Interview with Candace Bushnell

Posted by Goodreads on July 7, 2015
Candace Bushnell An emblem for working women of the '90s, Sex and the City spoke to all who strove to balance their careers, love lives, and being fabulous. Originally a collection of essays published in The New York Observer by journalist Candace Bushnell, the concept became an award-winning TV series and a duo of movies. Along the way, actress Sarah Jessica Parker and her character, Carrie Bradshaw, became household names, and Carrie's originator became a legend. Bushnell was spotted at glamorous parties, married a New York City Ballet dancer, and continued to write hits about the plight of urban women in Lipstick Jungle, Trading Up, Four Blondes, One Fifth Avenue, and her young adult series, The Carrie Diaries, which follows a young Carrie Bradshaw through high school as she meets her future best friends: Samantha, Miranda, and Charlotte.

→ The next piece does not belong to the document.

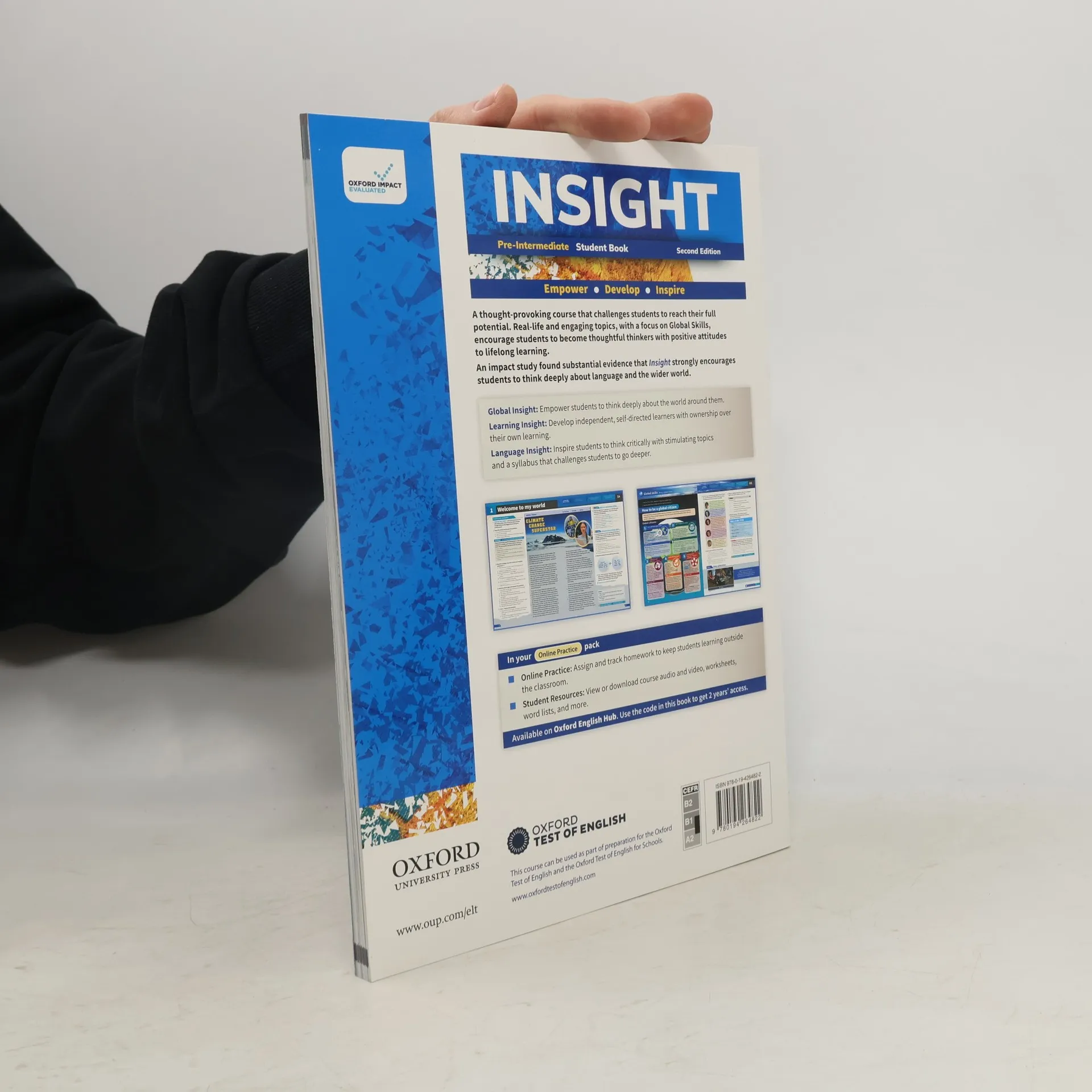 Published in 2022, this resource includes a Print Student Book and 2 years' access to Online Practice and Student Resources. The Student Book facilitates classroom participation, while Online Practice extends learning beyond the classroom, making it ideal for students who prefer print materials. The second edition features a robust Assessment for Learning package designed to help learners progress and achieve their goals, with lesson features, teacher's notes, and tests that support regular informal assessments and effective feedback. Professional Development support is available through video tutorials, focus papers, and short modules that introduce key methodologies. All digital materials are accessible via the Oxford English Hub, a comprehensive learning platform. Key features include a new emphasis on Global Skills, fostering lifelong learning and success, alongside thought-provoking texts that encourage critical thinking on contemporary issues. The updated Assessment for Learning focus includes "Assess Your Progress" sections in the Workbook to promote student ownership of their learning. Enhanced writing lessons provide model texts to guide students, while a vocabulary syllabus is supported by Vocabulary Extra pages. Grammar sections and integrated skills pages prepare students for real-world English usage, and Online Practice offers interactive activities for grammar, vocabulary, and skills enhancement.

Today Bushnell (now divorced) writes from her country house in Connecticut and has a new book out that is a bit of a departure from her previous novels. Killing Monica chronicles a writer who is tired of her larger-than-creation, Monica, the subject of a successful TV series. Desperate to have her latest book be taken seriously by the literary community and not be about Monica, the protagonist finds herself in various sticky situations with her gambler husband, her always-loyal agent, Henry, and her ex-best friend, the actress who plays Monica. Despite the easy assumption that the book may have roots in the author's own relationship with Sex and the City, Bushnell insists otherwise. She chats with Goodreads about how women are labeled, what she wishes she had done differently when she was in her twenties, and which part of her books she rewrites the most.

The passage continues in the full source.